De nombreuses réformes économiques ont été mises en place en Albanie pour dynamiser les échanges commerciaux du pays et améliorer le climat des affaires. Ces mesures ont également pour objectif de renforcer le statut de candidat officiel à l’UE, obtenu par l’Albanie en juin 2014. Les échanges commerciaux de l’Albanie s’établissent à 6,1 Md EUR en 2015, en augmentation par rapport à l’année précédente. Le solde commercial de l’Albanie s’est dégradé en 2016 à 2,5 Md EUR en 2016 et représente 24 % du PIB.

Les exportations albanaises ont légèrement augmenté en 2016 et s’établissent à 1,8 Md EUR. Les exportations albanaises ont toutefois plus que triplé depuis 2005 (lorsqu’elles s’établissaient à 537 M EUR). Encore peu diversifiées, elles se concentrent autour des produits textiles, pétroliers et miniers.

Les importations albanaises ont également progressé et s’élèvent à 4,3 Md EUR en 2016. L’Albanie importe l’essentiel de ses besoins, notamment en produits de consommation et en biens d’équipement. Le pays achète principalement des machines et appareils mécaniques et électriques (16 % de ses importations en 2016), des combustibles minéraux (8 %), des véhicules (7 %) et des vêtements (5 %).

L’Union Européenne est le principal client de l’Albanie avec plus des trois quarts des exportations albanaises, tandis que les exportations vers les pays des Balkans occupent moins de 15% des exportations totales. Les principaux clients de l’Albanie en 2016 sont : l’Italie (54,6 % des exportations), le Kosovo (6,8 %), la Grèce (4,6 %) et l’Allemagne (3,4 %).

En 2016, les importations en provenance des pays de l’UE constituent la majorité des importations albanaises, tandis que la Serbie est le seul pays des Balkans occidentaux à apparaître dans la liste des dix premiers fournisseurs (à la 6e place avec 3,1% des importations). En 2016, les principaux fournisseurs de l’Albanie sont l’Italie (29,3% des importations), l’Allemagne (9,5%), la Chine (8,7%), la Turquie (7,9%) et la Grèce (7,9%).

Politique extérieure

L’adhésion de l’Albanie à l’UE et à l’OTAN constituent depuis plusieurs années les deux priorités de la diplomatie albanaise L’Albanie s’est attachée, dans cette perspective, à entretenir des liens étroits et privilégiés avec les Etats-Unis, à développer ses relations de voisinage et à maintenir sur le Kosovo une ligne modérée, soutenant l’indépendance et respectant la souveraineté du nouvel État. L’objectif étant atteint pour l’OTAN depuis 2009, l’Albanie concentre désormais ses efforts sur son rapprochement européen. Elle a obtenu en 2014 le statut officiel de pays candidat à l’adhésion, et s’emploie depuis à la mise en œuvre de réformes dans les cinq domaines clés définis par la Commission (justice, lutte contre la corruption, le crime organisé et le trafic de drogue, administration publique et droits de l’Homme).

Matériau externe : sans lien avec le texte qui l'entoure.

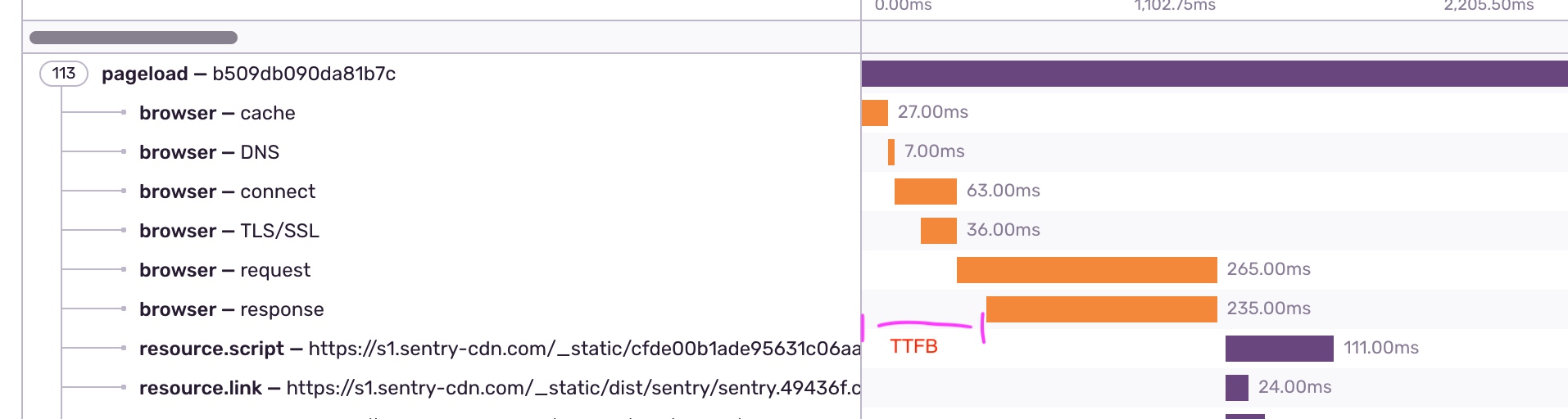 timeOrigin, the TTFB metric as measured by the web-vitals library may not match what's visualized from the captured span data. Thus, it's preferred that we generate TTFB from the span data.This also implicitly addresses negative TTFB values that could be generated from Firefox browsers.

Membre de l’ONU et de l’OSCE (1991), du FMI (1991) et du Conseil de l’Europe (l’Albanie en a assuré la Présidence de mai à novembre 2012), l’Albanie a obtenu le statut de membre de plein droit à l’OIF lors du sommet de la Francophonie de Bucarest (2006), avec notre soutien.

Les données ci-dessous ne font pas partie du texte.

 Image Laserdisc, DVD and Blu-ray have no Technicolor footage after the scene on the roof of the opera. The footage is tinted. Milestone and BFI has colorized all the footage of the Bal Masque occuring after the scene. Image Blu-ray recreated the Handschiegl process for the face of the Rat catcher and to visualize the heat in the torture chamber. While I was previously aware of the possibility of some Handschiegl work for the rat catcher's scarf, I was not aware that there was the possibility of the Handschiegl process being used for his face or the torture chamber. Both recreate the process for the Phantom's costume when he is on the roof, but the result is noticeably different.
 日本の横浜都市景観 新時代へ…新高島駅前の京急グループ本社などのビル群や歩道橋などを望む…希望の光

Dans les Balkans, l’Albanie participe à l’ensemble des initiatives de coopération régionale et s’efforce d’entretenir des relations de bon voisinage avec l’ensemble des pays de la région. Le Premier ministre Edi Rama s’est ainsi rendu le 10 novembre 2014 à Belgrade, première visite d’un chef de gouvernement albanais en Serbie depuis 68 ans, et le Premier ministre serbe Aleksandar Vucic s’est rendu à Tirana le 27 mai 2015 (visite elle aussi historique).